What to do: Every line of the material is to be quoted verbatim, minus the pictures.

Material provided:
▬▬▬▬▬▬▬▬▬▬
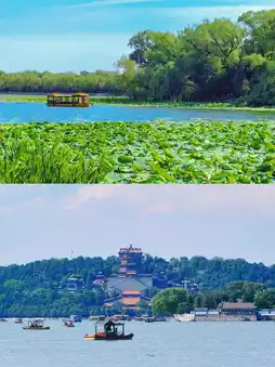The disembarkation point is at the South Gate of the Summer Palace. The dock here is crowded with people, not on the shore but in the water, swimming, diving, rowing, and lying in the sun. It is as lively as a summer beach. Now that we were at the Summer Palace, we bought tickets to enter. The South Gate entrance to the park is a relatively remote place, and there are not many people except for the cruise ship ticket office, but you can get a glimpse of the vastness and magnificence of the entire Kunming Lake, which is worth the trip.
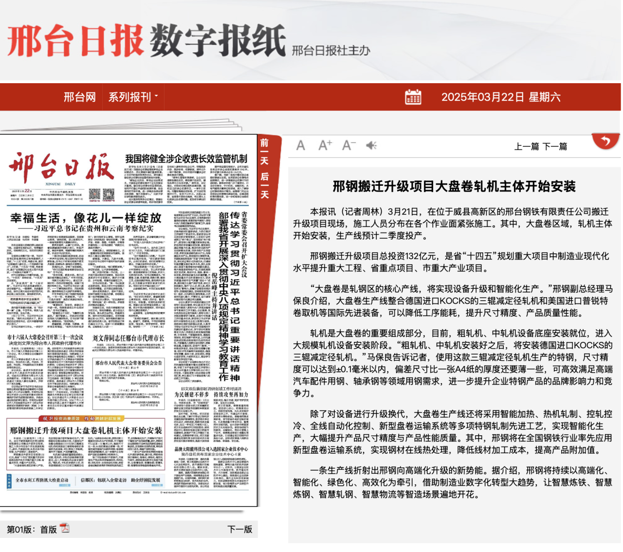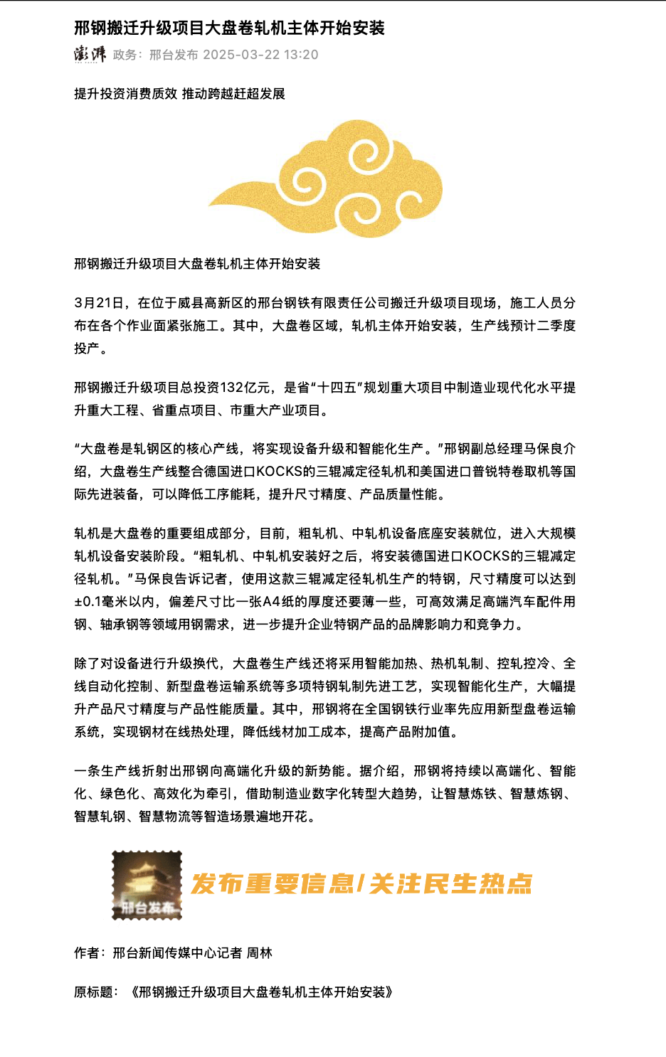 邢鋼搬遷升級(jí)項(xiàng)目總投資132億元,是省“十四五”規(guī)劃重大項(xiàng)目中制造業(yè)現(xiàn)代化水平提升重大工程、省重點(diǎn)項(xiàng)目、市重大產(chǎn)業(yè)項(xiàng)目。 “大盤(pán)卷是軋鋼區(qū)的核心產(chǎn)線,將實(shí)現(xiàn)設(shè)備升級(jí)和智能化生產(chǎn)。”邢鋼副總經(jīng)理馬保良介紹,大盤(pán)卷生產(chǎn)線整合德國(guó)進(jìn)口KOCKS的三輥減定徑軋機(jī)和美國(guó)進(jìn)口普銳特卷取機(jī)等國(guó)際先進(jìn)裝備,可以降低工序能耗,提升尺寸精度、產(chǎn)品質(zhì)量性能。
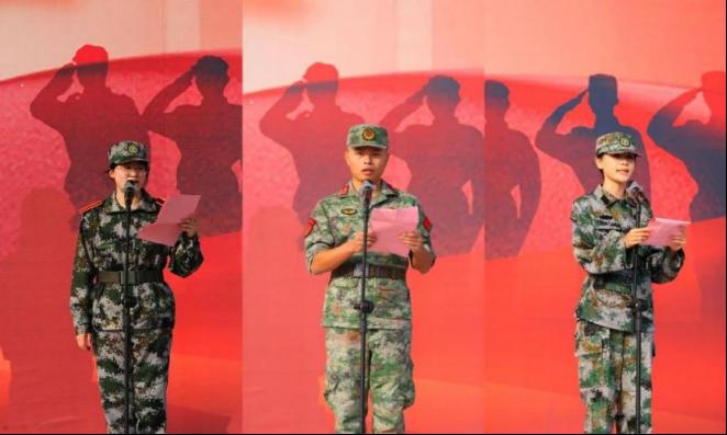 商贸管理系2024级大数据与会计6班尹泽欧代表全体参训学生郑重承诺:在军训中将服从命令,听从指挥,养成高度自觉的纪律意识;敢于吃苦,超越自我,锤炼磨砺自我的顽强品格;团结互助,共创佳绩,展现广自学子的英姿与风采。
▬▬▬▬▬▬▬▬▬▬
Your response:
The disembarkation point is at the South Gate of the Summer Palace. The dock here is crowded with people, not on the shore but in the water, swimming, diving, rowing, and lying in the sun. It is as lively as a summer beach. Now that we were at the Summer Palace, we bought tickets to enter. The South Gate entrance to the park is a relatively remote place, and there are not many people except for the cruise ship ticket office, but you can get a glimpse of the vastness and magnificence of the entire Kunming Lake, which is worth the trip.
 邢鋼搬遷升級(jí)項(xiàng)目總投資132億元,是省“十四五”規(guī)劃重大項(xiàng)目中制造業(yè)現(xiàn)代化水平提升重大工程、省重點(diǎn)項(xiàng)目、市重大產(chǎn)業(yè)項(xiàng)目。 “大盤(pán)卷是軋鋼區(qū)的核心產(chǎn)線,將實(shí)現(xiàn)設(shè)備升級(jí)和智能化生產(chǎn)。”邢鋼副總經(jīng)理馬保良介紹,大盤(pán)卷生產(chǎn)線整合德國(guó)進(jìn)口KOCKS的三輥減定徑軋機(jī)和美國(guó)進(jìn)口普銳特卷取機(jī)等國(guó)際先進(jìn)裝備,可以降低工序能耗,提升尺寸精度、產(chǎn)品質(zhì)量性能。
 商贸管理系2024级大数据与会计6班尹泽欧代表全体参训学生郑重承诺:在军训中将服从命令,听从指挥,养成高度自觉的纪律意识;敢于吃苦,超越自我,锤炼磨砺自我的顽强品格;团结互助,共创佳绩,展现广自学子的英姿与风采。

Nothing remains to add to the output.